#### [Data]
···

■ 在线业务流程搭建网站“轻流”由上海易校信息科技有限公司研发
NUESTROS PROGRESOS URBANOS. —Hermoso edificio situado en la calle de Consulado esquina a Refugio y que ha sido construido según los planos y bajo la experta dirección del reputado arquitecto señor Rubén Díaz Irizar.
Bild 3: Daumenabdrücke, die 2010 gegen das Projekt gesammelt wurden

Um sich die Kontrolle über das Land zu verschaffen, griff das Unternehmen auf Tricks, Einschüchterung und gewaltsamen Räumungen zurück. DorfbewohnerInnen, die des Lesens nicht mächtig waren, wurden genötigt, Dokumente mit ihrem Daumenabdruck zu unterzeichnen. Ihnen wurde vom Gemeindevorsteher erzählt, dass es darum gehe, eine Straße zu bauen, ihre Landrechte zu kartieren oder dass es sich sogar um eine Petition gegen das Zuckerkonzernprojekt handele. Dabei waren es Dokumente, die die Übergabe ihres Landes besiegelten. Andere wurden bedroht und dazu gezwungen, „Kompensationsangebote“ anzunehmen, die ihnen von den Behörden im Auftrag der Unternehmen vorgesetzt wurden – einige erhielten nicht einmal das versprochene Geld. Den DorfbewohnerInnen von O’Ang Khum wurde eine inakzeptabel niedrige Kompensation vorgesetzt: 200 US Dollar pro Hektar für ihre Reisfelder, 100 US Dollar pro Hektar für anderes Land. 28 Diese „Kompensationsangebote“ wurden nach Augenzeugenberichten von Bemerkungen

···

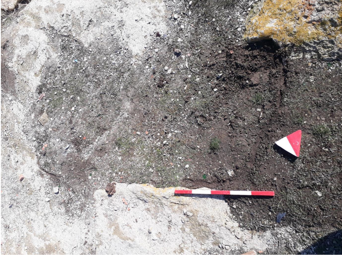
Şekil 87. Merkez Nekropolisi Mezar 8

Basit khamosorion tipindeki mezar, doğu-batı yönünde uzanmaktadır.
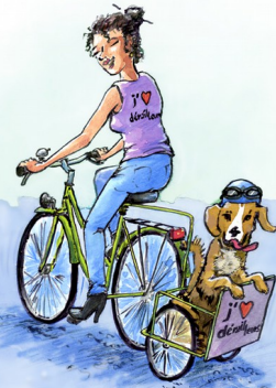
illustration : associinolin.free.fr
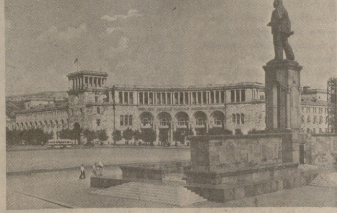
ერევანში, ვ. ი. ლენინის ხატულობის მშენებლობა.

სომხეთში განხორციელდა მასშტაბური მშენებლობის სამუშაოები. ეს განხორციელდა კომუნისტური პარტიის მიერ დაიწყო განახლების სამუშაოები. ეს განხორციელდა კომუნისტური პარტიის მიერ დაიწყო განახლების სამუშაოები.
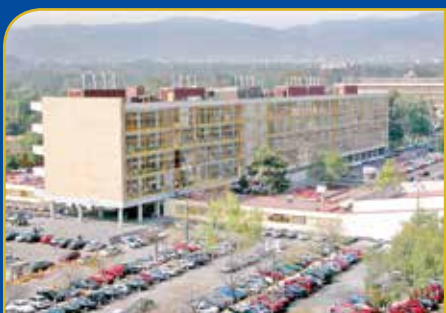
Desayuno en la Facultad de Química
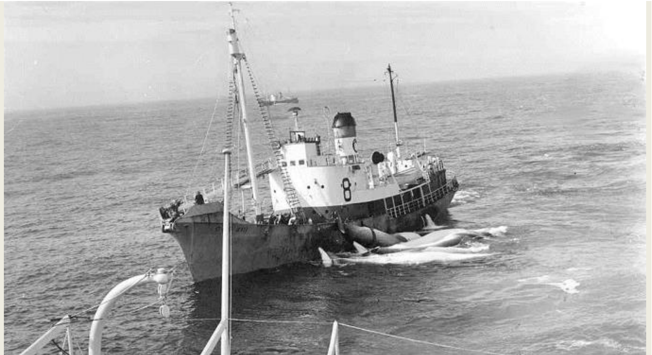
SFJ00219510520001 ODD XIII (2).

···

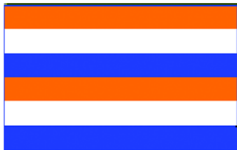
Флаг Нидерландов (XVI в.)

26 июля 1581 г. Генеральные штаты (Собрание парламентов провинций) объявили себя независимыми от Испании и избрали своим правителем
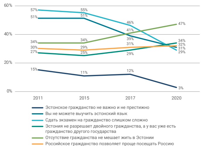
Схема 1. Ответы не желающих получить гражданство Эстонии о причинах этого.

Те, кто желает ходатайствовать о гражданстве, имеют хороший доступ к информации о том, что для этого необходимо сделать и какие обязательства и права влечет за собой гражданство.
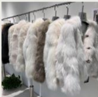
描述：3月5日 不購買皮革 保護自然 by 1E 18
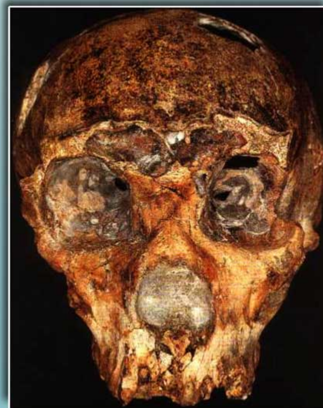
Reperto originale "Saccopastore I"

···

In the data above, find the line containing "illustration : associinolin.free.fr" and the line containing "SFJ00219510520001 ODD XIII (2).". Copy exactly the stretch from the first through the second, both included, leaving out any picture.

#### [Written reply]
illustration : associinolin.free.fr
ერევანში, ვ. ი. ლენინის ხატულობის მშენებლობა.

სომხეთში განხორციელდა მასშტაბური მშენებლობის სამუშაოები. ეს განხორციელდა კომუნისტური პარტიის მიერ დაიწყო განახლების სამუშაოები. ეს განხორციელდა კომუნისტური პარტიის მიერ დაიწყო განახლების სამუშაოები.
Desayuno en la Facultad de Química
SFJ00219510520001 ODD XIII (2).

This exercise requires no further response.